I prepared and read finals.  Christmas showed up.  I created a decent Christmas - and I wanted to blog about it - I really did - but I was paralyzed with anxiety about my future jobless existence and looming bills.

So my advice is to be careful what you wish for  - Cuz I got me, at the last minute, not one but 3 classes.  And when I say the last minute, I mean I was hired with less than one week to prepare for 2 of the classes and 24 hours to prepare for the other.  Yeah, you read that right, 24 hours.  So, as an old employer of mine used to say, I was behind the airplane (yeah, it makes no sense, yet the image has stayed with me).  And I remained behind the airplane an entire semester.  Which meant that including the month I was paralyzed, I have not contributed to my blog for 6 months.

That's a long time to leave people hanging and wondering about brine.

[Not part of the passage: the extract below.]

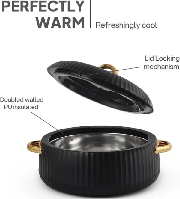 Inner Steel Insulated: The casserole features advanced inner steel insulation, designed to keep your dishes hot or cold for extended periods. This insulation ensures that your food maintains its optimal temperature from the kitchen to the table, enhancing your dining experience.
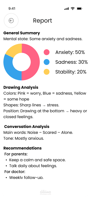 مشروع EmoCare هو تطبيق رقمي مبتكر يدمج بين العلاج بالفن وتقنيات الذكاء الاصطناعي للكشف المبكر عن الحالة النفسية للأطفال في مناطق النزاع. يعتمد على تحليل رسومات الأطفال لتحديد مؤشرات مثل الحزن والقلق والغضب بدقة عالية، ويوفر بيئة تفاعلية آمنة للتعبير عن المشاعر عبر شخصيات كرتونية، إضافة إلى تقارير مبسطة للأهل وتحليلات متقدمة للأخصائيين. يهدف المشروع إلى خفض مستويات القلق والاكتئاب، تعزيز الثقة بالنفس، ورفع الوعي بأهمية التدخل النفسي المبكر.

So let me talk about Trader Joe's for a minute.  I love the freaking party meatballs there.  And here's a tip, if you have a leftover jar of Rao's Marinara, and a left over jar of Newman's Own Alfredo Sauce, and 3 cups of leftover cooked pasta and a bag of those party meatballs, and if you dump them all into a large and wide sauce pan and heat the whole thing, your daughter will tell you it's the best meal you've ever made.  Never mind you create fantastic recipes OUT OF YOUR HEAD - 2 kinds of jarred sauce and mushy pasta will win every time.  Here's some more good things (hello Martha) about Trader Joe's.  The pot stickers.  They are amazing with rice noodles and a little soy sauce.  And those suckers can be cooked up in less than three minutes with a glass of wine in one hand.  You know what else is good from there?  This pizza with artichokes and goat cheese.  Kids eat the plain pizza, Smith and I chow that one.  I could go on, because we spent the last six months alternating Trader Joe's food, with rotisserie chicken and frozen vegetables and take out from Elevation Burger - because I had lessons to plan, man!

I'm coming out of it now.  The girls have a couple more weeks of school - all the grades have been turned in for one of my classes, and I just have a couple more weeks for the other 2.  I made dinner - a real freaking dinner - the other night for the first time in ages.  (more about that later) - and Smith and I are finally starting to organize the crap we've been throwing in  straighten the guest room.

And so, to brine:

In the end, the brine won.  I brined and roasted turkey number one - and it was succulent and tasty and before I could take a picture of it, it was reduced to this:

The grilled turkey also tasted incredible, but it was dry.  It looked better though, crispy and a little charred, it had an excellent smoky quality and it took a lot less time to grill than I anticipated. - I think maybe this year, I'll brine and grill the turkey.  Then again, this year, we are thinking of bagging the whole Thanksgiving thing and heading to Disney World.